NMR (normal or one-dimensional) is taught in virtually every undergraduate Instrumental Analysis course. Students use tables and such to analyze simple molecules such as alcohols and amines. When a complex biological molecule, like heparin, for instance, is scanned by a “typical” NMR, it is beyond most chemists’ ability to interpret the spectra. With computer-aided instruments this challenge becomes doable.
Figure 1. “Contour map” of frequencies versus intensity of a two-dimensional NMR scan.
In “normal,” one-dimensional NMR, intensity is plotted versus frequency, giving us what is recognized as an “NMR spectrum.” In two-dimensional spectroscopy, intensity is plotted as a function of two frequencies, usually called F1 and F2. There are various ways of representing such a spectrum on paper, but the one most usually used is to make a contour plot in which the intensity of the peaks is represented by contour lines drawn at suitable intervals, in the same way as a topographical map (see Figure 1).
The position of each peak is specified by two frequency coordinates corresponding to F1 and F2. Two-dimensional NMR spectra are always arranged so that the F2 coordinates of the peaks correspond to those found in the normal one-dimensional spectrum, and this relation is often emphasized by plotting the one-dimensional spectrum alongside the F2 axis (see Figure 2). This manner of representation clearly shows the presence of two components.
The other technique mentioned is CE. In this technique, as opposed to “regular” chromatography or electrophoresis, a narrow bore tube is used to separate charged moieties by their mass/charge ratio.
The schematic of a CE instrument is seen in Figure 3. The tube connects two buffer reservoirs charged as + and -. The samples are introduced via the sample vial which takes the place of the anode, causing sample molecules to migrate to the cathode.

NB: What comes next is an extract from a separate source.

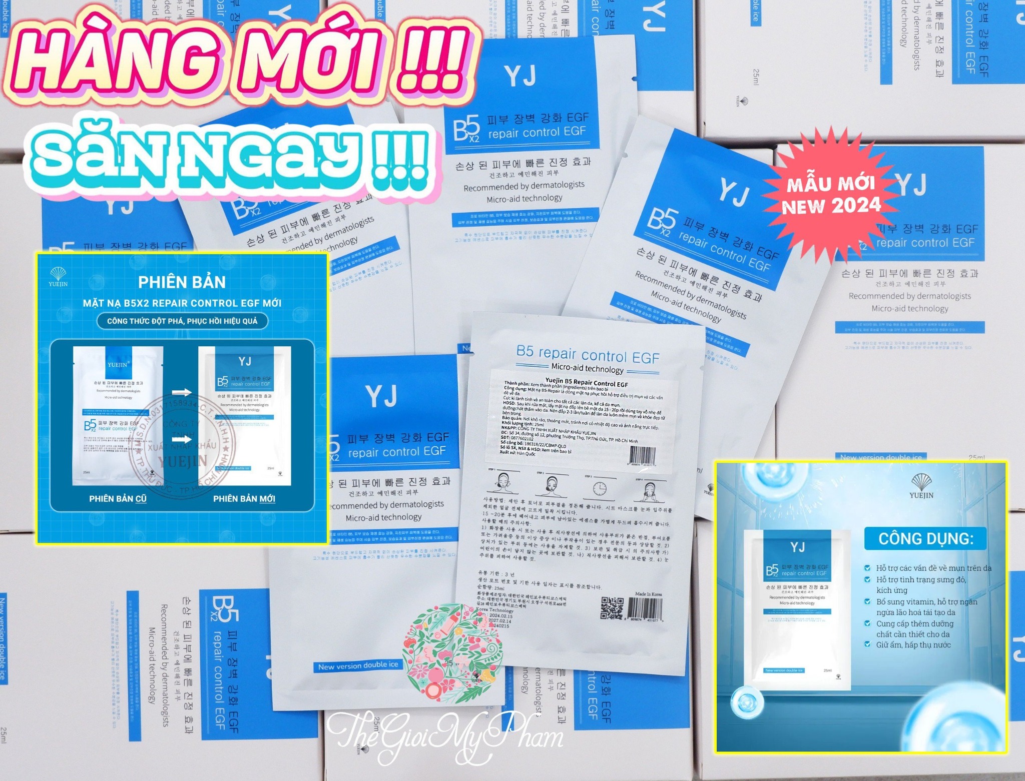 - Phục hồi da, giảm kích ứng: B5 Repair Control EGF dòng mặt nạ phục hồi da, dưỡng da giảm khó chịu, giảm đỏ, giảm sưng tấy, châm chít da… Dưỡng da nhanh lành sẹo.

While similar to gel electrophoresis, this technique allows multiple samples and the use of UV, IR, and other detection methods in lieu of simple stains, etc. The concept is simple, but cleanliness and attention to detail is critical, since such small amounts of material are being assayed . . . not to mention electricity is in play. Figure 4 shows a graphic representation of a column cross-section. In this case, silica lines the column. The electroosmotic flow is seen from anode to cathode.
Figure 3. Schematic of capillary electrophoresis set-up. While not
overly complex, it is not designed as “simple” quality control tool.

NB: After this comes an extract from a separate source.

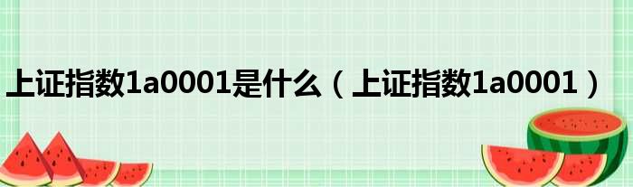 大家好,今天小六子来为大家解答以下的问题,关于上证指数1a0001是什么,上证指数1a0001这个很多人还不知道,现在让我们一起来看看吧!

The operator needs fair amount of training on the equipment.
Figure 4. Graphic representation of column for
capillary electrophoresis: mode of operation.
It should be apparent that both 2-D NMR and CE would be quite a bit more difficult to operate and cost significantly more than standard “wet” methods seen in the USP, etc. For a simple comparison, the common techniques of HPLC and NIR are compared. The main difference here is that HPLC, like both previously mentioned techniques, requires major sample preparation. NIR uses “neat” samples while all the others require solvent extraction and dilutions, not to mention prepared standards run side-by-side.
The operating costs of HPLC versus NIR can be seen in Figure 5. The labor cost is based on $125 (USD) per hour for a trained technician (probably more, in reality). The cost of purchasing and disposing organic solvents, columns, glassware (purchase and cleaning), standards, sample vials, notebook time, and supervisor oversight are taken into account.
Both instruments are virtually alike the first year, as that includes purchasing the equipment and a NIR is usually more expensive than an HPLC. However, after the initial year, the costs for the NIR are quite obviously far less than the continuing costs to run and maintain an HPLC unit.
Figure 5: Relative cost of operating an HPLC versus a NIR (in a lab) for routine analyses of API. Similar comparisons are made for dosage form analyses as well. NIR requires no solvents, sample prep, etc., while HPLC costs continue to rise due to cost of solvents and legal disposal thereof.